Congratulations! You’ve learned so much throughout this course!
Let’s recap some of the essential points we covered for creating accessible web content:
Creating perceivable websites allows users to experience the content through different senses: sight, sound, and touch. Perceivable content:
Provides alternatives to images, audio and video, such as alternative text descriptions, captions and transcripts.
Backs up any information presented visually in a semantic way, either by using meaningful HTML elements, or using ARIA markup.
Doesn’t rely on only one type of sensory cue, such as color, shape, or sound, to communicate information.
Helps users see content better by allowing it to scale, making sure text and visual elements have enough contrast with the background and separating text from images.
Creating operable web content allows users to interact with your site in different ways. Instead of a mouse or touch-based interaction, some people use a keyboard, switch access, voice control, or other assistive technologies. Operable content:
Is fully interactable with a keyboard, which also supports other input methods.
Allows users to get around time limits, including extending sessions that could time out and stopping moving content.
Follows a logical tab order and lets users know what element they are interacting with by having a visible focus indicator.
Makes it easy for users to know where they are and where they are going by having unique and descriptive programmatic titles, meaningful link text, clear headings and labels, and allowing several ways of finding content on the site.
Creating understandable content helps make the site and its functionality clear. Understandable content:
Is predictable. It doesn’t surprise users with unexpected events and has consistent navigation and interactive elements.

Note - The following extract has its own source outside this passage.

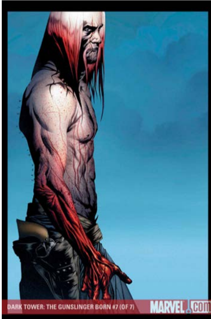
THE DARK TOWER THE GUNSLINGER BORN #7 MARVEL

La primera saga en cómics que adapta historias de La Torre Oscura llegará a su final cuando se publique su número 7, del que adelantamos su ilustración de portada (obra de Jae Lee y Richard Isanove), como venimos haciendo los últimos meses. ■
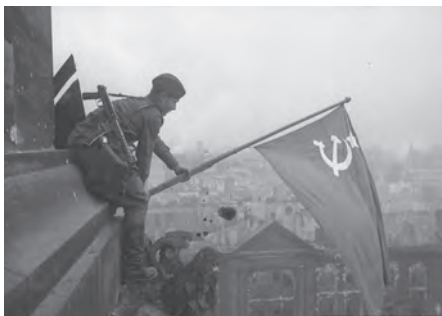
Знамя Победы над Берлином

В небольшом городке Краснодоне, в Донбассе, группа юношей и девушек создала подпольную организацию. Ею руководил семнадцатилетний комсомолец Олег Кошевой. «Молодая гвардия» успешно боролась с врагом. Подпольщики совершали нападения на оккупантов, спасали население от угона на работу

Helps users fill out forms by clearly describing the information they need to provide and having helpful error messages.
Creating robust content helps ensure that it can be reliably rendered by different user agents and assistive technologies. Robust content:
Uses markup properly so that assistive technologies can properly parse out information and communicate it to users.
Identifies roles states and properties programmatically by using ARIA to communicate the behavior of custom components and complex interactions.